Description
Galaktoboureko is a traditional Greek dessert featuring silky semolina custard encased in crisp layers of buttery phyllo, all soaked in a fragrant lemon syrup. It’s a rich, comforting sweet that’s perfect for celebrations or everyday indulgence.
Ingredients
- Whole Milk: 4 cups – delivers a creamy, rich base for the custard.
- Fine Semolina: 3/4 cup – thickens the custard into silky smoothness.

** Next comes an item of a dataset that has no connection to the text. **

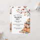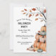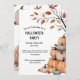 Invite your friends and family to an unforgettable celebration with our card. This charming design combines a stack of vintage pumpkins in pastel colors and an autumn tree adorned with delicate leaves, creating the perfect atmosphere for Halloween. With a minimalist typography and spooky, this card is ideal to give a classy and festive touch to your event. Moreover, the reverse presents a beautiful pattern of pumpkins and floating leaves that capture the spirit of the season.
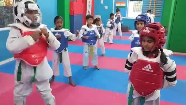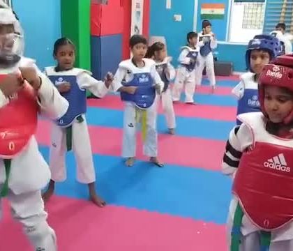 Our Kyorugi program focuses on Olympic-style sparring with full protective gear. We teach smart, fast, and effective fighting techniques through realistic match drills, footwork, and combination kicking.

- Granulated Sugar: 1 cup – adds sweetness to both custard and syrup.
- Eggs: 4 large – enrich the custard, giving it structure and shine.

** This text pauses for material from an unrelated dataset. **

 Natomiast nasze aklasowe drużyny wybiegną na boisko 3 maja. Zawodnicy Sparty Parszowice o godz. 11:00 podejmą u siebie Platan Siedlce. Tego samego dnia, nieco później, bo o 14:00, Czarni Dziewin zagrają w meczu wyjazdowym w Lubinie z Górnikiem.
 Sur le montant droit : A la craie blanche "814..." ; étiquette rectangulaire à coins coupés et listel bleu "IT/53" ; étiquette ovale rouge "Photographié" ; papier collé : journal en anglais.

- Unsalted Butter: 1 cup (melted) – layers flavor and crispness between phyllo sheets.
- Phyllo Dough: 1 package (16 oz) – forms the delicate, flaky crust.
- Vanilla Extract: 2 teaspoons – adds warmth and depth to the custard.
- Lemon Zest: 1 teaspoon – brightens the custard with a citrusy hint.
- Water: 1 cup – base for the syrup.
- Lemon Juice: 1 tablespoon – balances sweetness in the syrup.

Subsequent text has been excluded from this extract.